What We Do
Derived from the methods and members of Janelia's completed NeuroSeq team project, Quantitative Genomics provides expert services for cell isolation, transcriptome and epigenetic profiling, and de novo genome assembly using next generation sequencing platforms from Illumina. Our goal is to serve as a gateway to the rapidly evolving technologies for high content genomic analysis for both experts and novices. From experimental design to data analysis, we are ready to help Janelians at any phase of a project.
- Illumina HiSeq 2500 and cBot clustering station
- Illumina NextSeq 550
- Illumina MiniSeq
- Drop-seq workstation
- 3 Leica fluorescent dissecting microscopes
- Agilent Bioanalyzer 2100*
- Covaris S2 and E220 sonicators
- Diagenode Bioruptor*
*generously made available to us by other labs at Janelia
Next Generation Sequencing
Our facility provides next generation sequencing (NGS) using the Illumina HiSeq 2500, NextSeq 550, and MiniSeq platforms. Technical resources are available for all aspects of NGS including cell isolation, nucleic acid purification, library construction, sample barcoding, and limited data analysis.

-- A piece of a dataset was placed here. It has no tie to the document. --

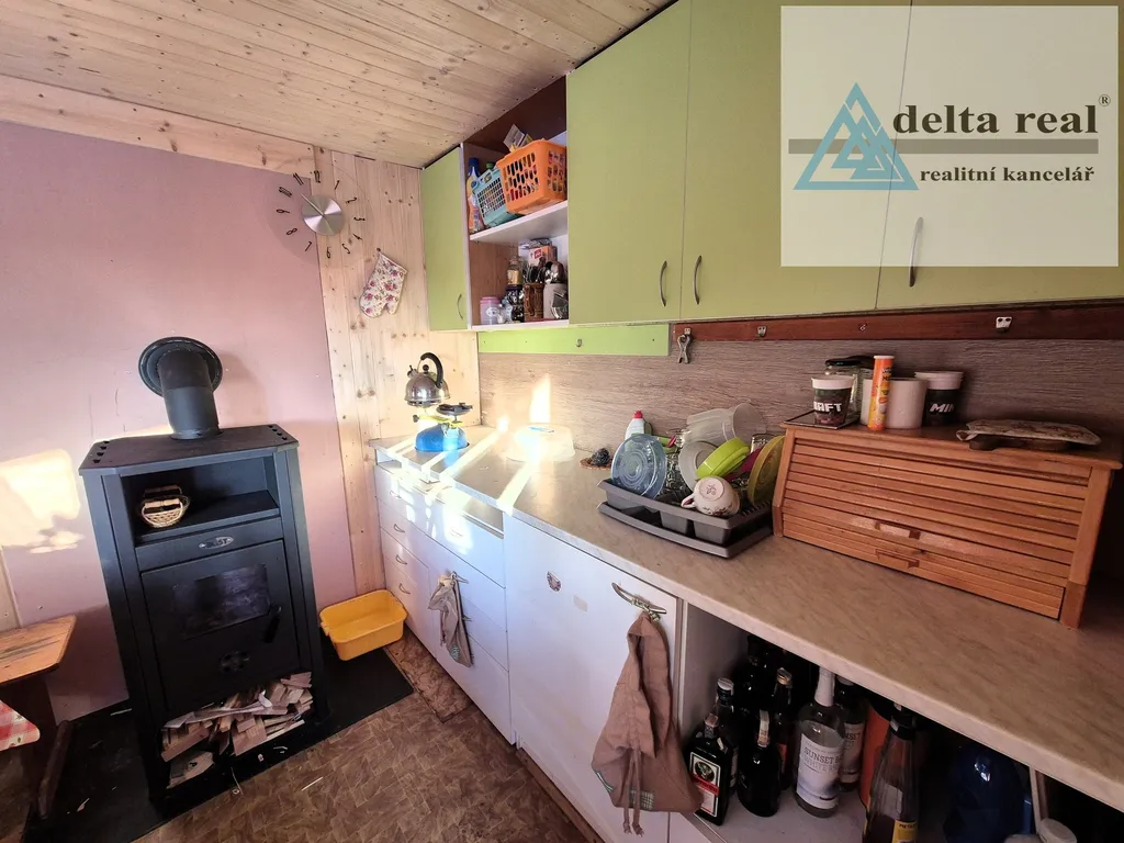 Nabízíme Vám k prodeji zahrádkářskou chatku, která se nachází v zahrádkářské kolonii Osada Vyhlídka. Dispozice chatky: obytná kuchyň s krbovými kamny a ložnice. Na obytnou část chatky navazuje pergola. Pozemek o celkové výměře 288 m2, na kterém stojí chatka, je v majetku města Šumperk. Roční nájemné za pronájem pozemku činí cca 1500 Kč. Na zahrádce je vývod vodovodní přípojky napájený pitnou vodou. V chatce je přivedena elektřina díky solárním panelům umístěným na střeše. Na zahradě se nachází sklad nářadí, udírna, skleník, suchý záchod. Zahrada je oplocena ze 3 stran.

Our expert staff of Research Specialists provides services, training, and equipment for sample and library preparation, and quality control. The team also provides technical assistance for developing new methods for cell capture/isolation, custom library prep, and barcoding schemes.
Bring us your favorite methods or crazy ideas for new approaches (such as TagMap) and we will work with you to implement a robust pipeline from sample to sequence. We can work with challenging samples and limiting amounts of material that most core sequencing labs won’t touch.
At this time we are providing limited data analysis, with the expectation that most users of this resource have the means to process the raw sequence data we produce.
For all NGS work we provide the raw sequence file (fastq), a fastQC read quality report showing the performance of the sequencing run, and associated run metrics such as the de-multiplexing report.
For transcriptome profiling we have a basic analysis pipeline for adapter trimming, read alignment, and gene expression estimation using RSEM. We have stable genome reference and annotation sets for Drosophila (release 6), mouse (mm10), and zebrafish (danRer10), and can help identify appropriate reference annotations for other species as needed. We provide the aligned reads (bam), gene expression tables (counts, FPKM, and TPM), and additional information such as the ERCC spike-in performance.
We can also perform basic de novo genome assembly for sequences as small as a plasmid and as large as human-sized genomes such as Parhyale hawaiensis. We can help with transcriptome assembly, gene prediction, and feature annotation to create a reference assembly and annotation set where none exists.
We can transfer terabytes of data to the cloud (Amazon, Dropbox) or to your collaborators. When the time comes to publish your results, we can help prepare the data for submission to online databases such as the NCBI sequence read archive (SRA) and gene expression omnibus (GEO).
Careful dissection of fly brains prior to tissue digestion and manual isolation of specifically labeled neurons is critical to the health of the cells and the quality of transcriptomic data we produce.
Preparing to manually isolate mouse neurons requires extensive experience with mouse neuroanatomy and precise microdissection of specific brain regions.
Our HiSeq 2500 is the workhorse of the Quantitative Genomics facility, generating up to 3 billion reads per week at maximum capacity.
A simple Drop-seq workstation for single cell transcriptome analysis utilizes an inverted light microscope to visualize reagent flow in the microfluidic chambers, three syringe pumps to control reagent flow, and a magnetic stir platform for gentle mixing of cells and oligo beads.